EXTRACTED RECORDS:
Segment Open

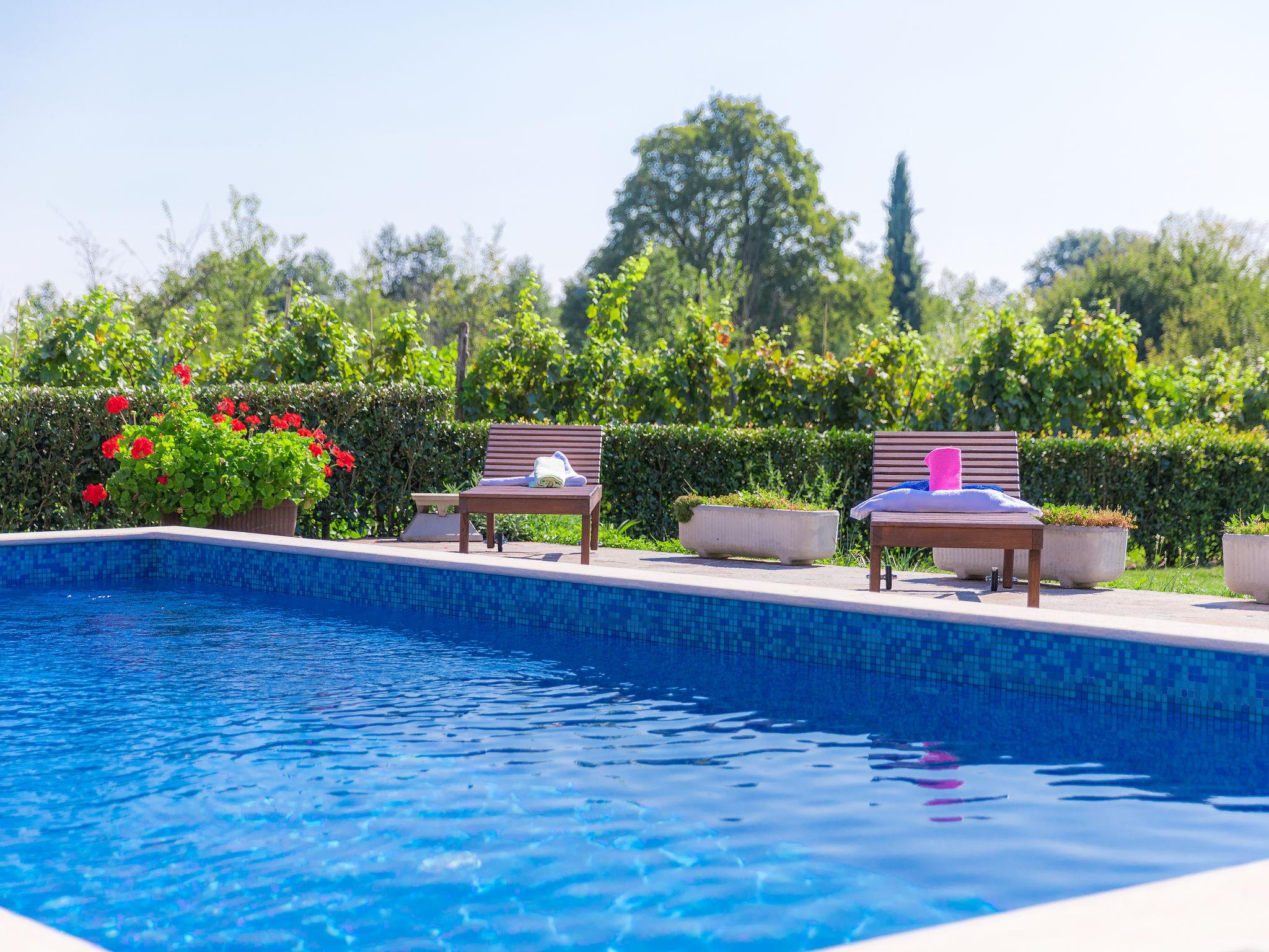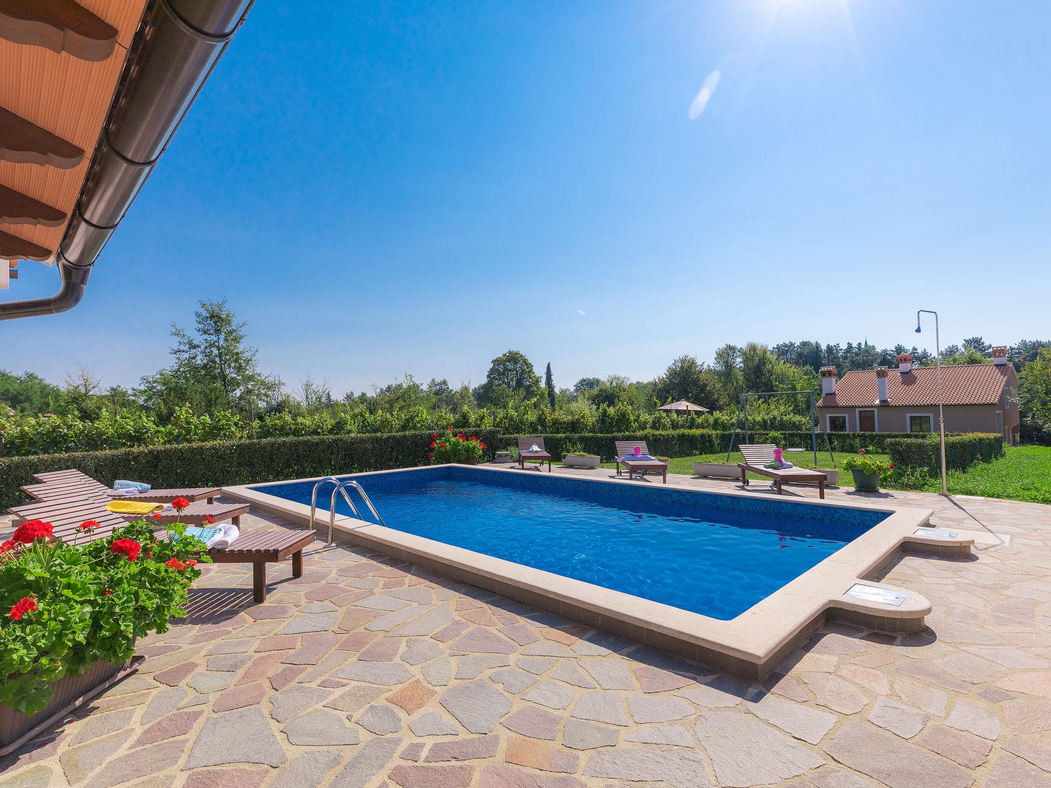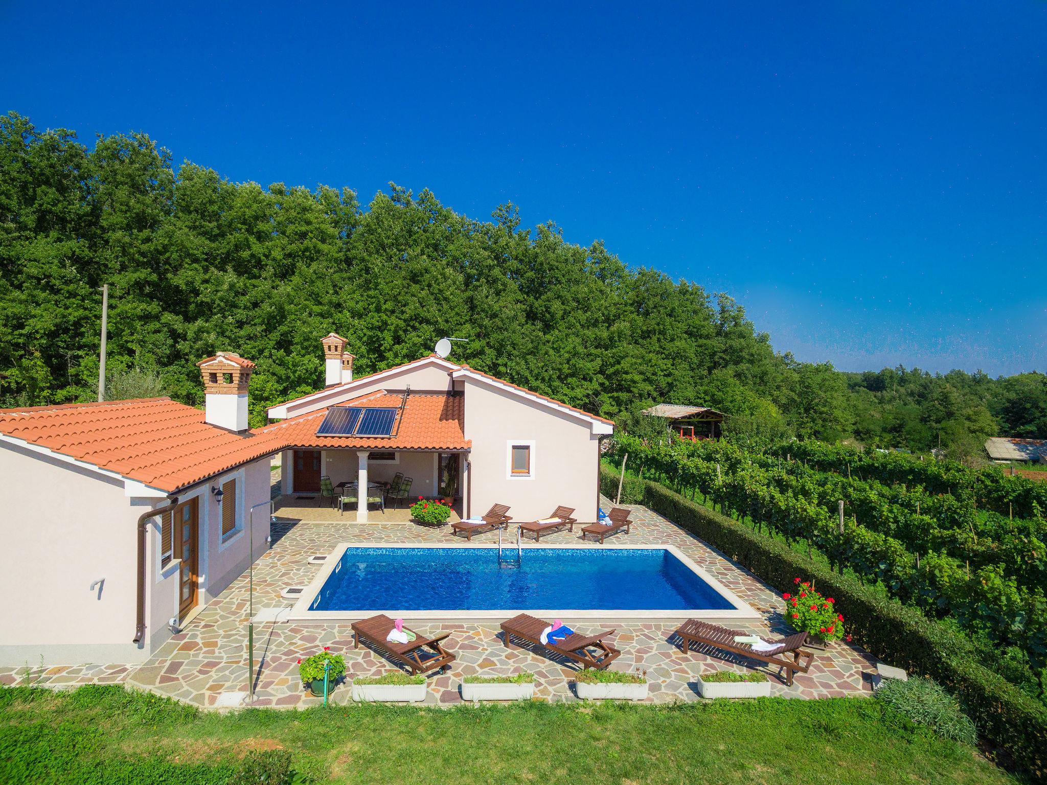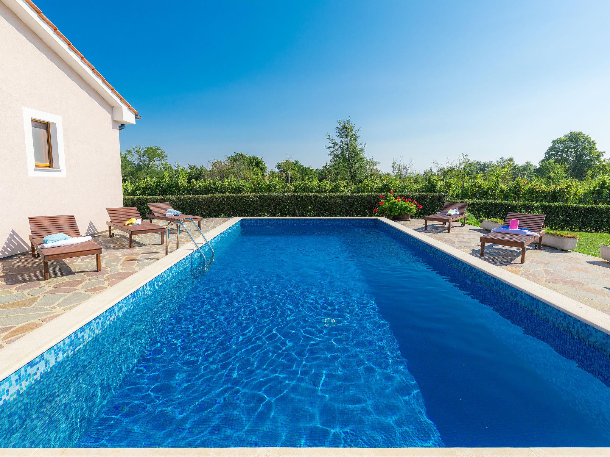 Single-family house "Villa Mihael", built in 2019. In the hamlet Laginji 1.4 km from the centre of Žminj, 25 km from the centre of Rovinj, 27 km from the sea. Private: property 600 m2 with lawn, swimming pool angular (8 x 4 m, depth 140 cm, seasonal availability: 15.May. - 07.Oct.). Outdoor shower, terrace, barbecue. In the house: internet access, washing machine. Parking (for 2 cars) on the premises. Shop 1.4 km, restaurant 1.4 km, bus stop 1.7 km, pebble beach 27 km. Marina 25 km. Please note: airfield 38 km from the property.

Segment Closed
Segment Open

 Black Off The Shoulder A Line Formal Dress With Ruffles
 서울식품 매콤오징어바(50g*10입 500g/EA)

Segment Closed

PROBLEM STATEMENT: Within the material above, output exactly the lines from the one with "Black Off The" through the one with "서울식품 매콤오징어바(50g*10입 500g/EA)", end lines included, and nothing besides.

SOLUTION TO THIS PROBLEM:
 Black Off The Shoulder A Line Formal Dress With Ruffles
 서울식품 매콤오징어바(50g*10입 500g/EA)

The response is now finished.